# Working with Large Language Models
## Introduction: Nikky
* What are LLMs and why are they popular
* How to use the open source platform to use LLMs for own application; example of creating a packing list.

## Why bother to adapt models to your application: Nikky
* Problems of LLMS: Hallucination and wrong outputs
* Controll outputs by using zero-shot-calssification
  * briefly mention other types of classification
* How we do it with our packing list model
  * Why not use packing items as classes
  * Use superclasses to categories trip and have packing items correspond to superclasses
  * Asses performance with small test data set
  * mention gradio app to make it user friendly and spaces to share model

## Implementation of packing list model
### Set up: Anja

Hugging Face is a company and platform for the machine learning community to collaborate on models, datasets and applications, especially in the field of natural language processing.
To be able to use the full functionality offered by Hugging Face (e.g. access to models, spaces, datasets, API access) you can create a free account on their website https://huggingface.co/.
(There is a new course at data camp, which is free for the remainder of 2025: https://huggingface.co/blog/huggingface/datacamp-ai-courses)

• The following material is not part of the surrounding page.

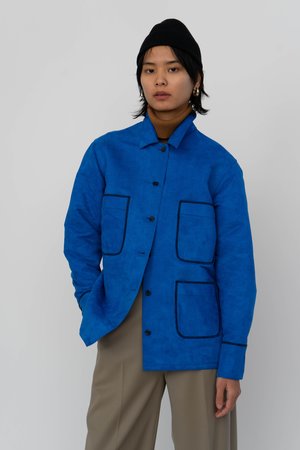 The Toulon Shirtjacket is a utilitarian style we've carried over every collectsion with varying details. Our signature oversized fit makes it a perfect piece for layering for the in-between seasons. For Series No. 8, we've added an extra patch pocket yet kept it asymmetrical for a more playful look. This is made from a faux suede dead-stock fabric sourced from New York City, made in New York City. This style will not return once it is sold out. Model is around 5'8 and she is wearing a size M.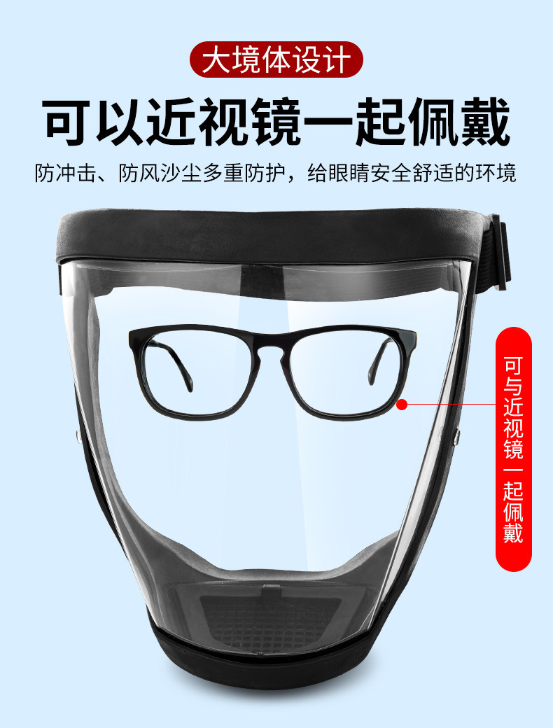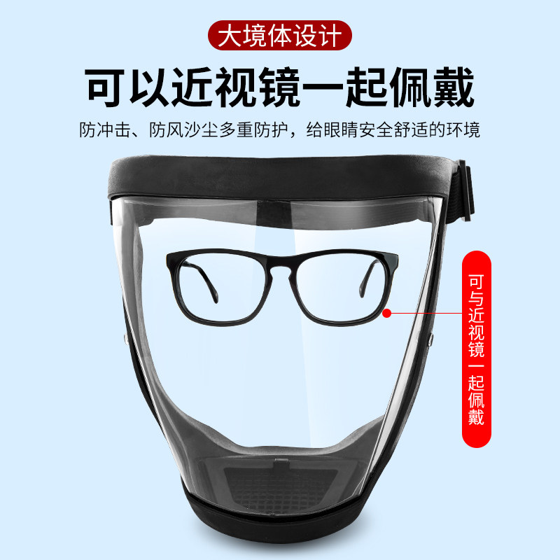 Защитная маска высокая, прозрачная высокопрофильная полная лицевая грань против пыли пыли, шлифовальный капюшон, антиэпидемический, пестицидный анти -вирусная маска

To develop our model, we use the Anaconda Navigator, which includes the package and environment manager conda, as well as Jupyter Notebook for writing and running Python code. You can download the Anaconda navigator from their website https://www.anaconda.com/products/navigator. (Python is installed automatically) 

Using the command line, you can create a new environment to work in and install the required packages. The following commands create a new environment called hf_env and activate it:

```bash
conda create --name hf_env
conda activate hf_env
```

Next, install the libraries used in this project and set up Jupyter Notebook.

```bash
pip install transformers torch numpy tabulate gradio pandas scikit-learn
conda install jupyter
jupyter-notebook
```
Create a new Jupyter Notebook for this project. 


### Hugging face API
Let us first try out some Hugging Face models using their API. The main advantage of using the API is that you do not need to download the models locally and all computations are handled on Hugging Face servers.

To use their API you first need to create an access token. Go to https://huggingface.co/settings/tokens and click on *+ Create new token*. Select as token type *Read* and give your token a name. 
Next, save this access token in your project folder within a .env file. Create a plain text file named .env, then add and save the following line inside it:

```text
HF_API_TOKEN=YOUR_OWN_ACCESS_TOKEN
```
, where you replace YOUR_OWN_ACCESS_TOKEN with your actual access token. 

Now it is time to start coding and try out your first zero-shot-classification model. In your Jupyter Notebook, create a code cell and enter the following Python code:

```python
from dotenv import load_dotenv
import os
import requests
import json

load_dotenv()  
headers = {"Authorization": f"Bearer {os.getenv('HF_API_TOKEN')}"}

candidate_labels = ["technology", "sports", "politics", "health"]

def query(model, input_text):
    API_URL = f"https://router.huggingface.co/hf-inference/models/{model}"
    payload = {
        "inputs": input_text,
        "parameters": {"candidate_labels": candidate_labels}
    }
    response = requests.post(API_URL, headers=headers, json=payload)
    return response.json()

```

In this code, we first load the necessary libraries and then the .env file. Next, we then define a set of candidate labels for our zero-shot classification model and create a query function which receives a model name and an input text and returns the model's classification. 

Trying the query function with the model "facebook/bart-large-mnli" from Hugging Face and a short input text we get the following result: 

```python
input_text = "I just bought a new laptop, and it works amazing!"
output = query("facebook/bart-large-mnli", input_text)
print(json.dumps(output, indent=4))
```

```json
[
    {
        "label": "technology",
        "score": 0.970917284488678
    },
    {
        "label": "health",
        "score": 0.014999152161180973
    },
    {
        "label": "sports",
        "score": 0.008272469975054264
    },
    {
        "label": "politics",
        "score": 0.005811101291328669
    }
]
```
The scores represent the probabilities of the text belonging to a particular class label.

This approach worked great! However, using the API the functionality is limited. We were limited to 10 candidate labels for our classification, which was not sufficient for our packing list model.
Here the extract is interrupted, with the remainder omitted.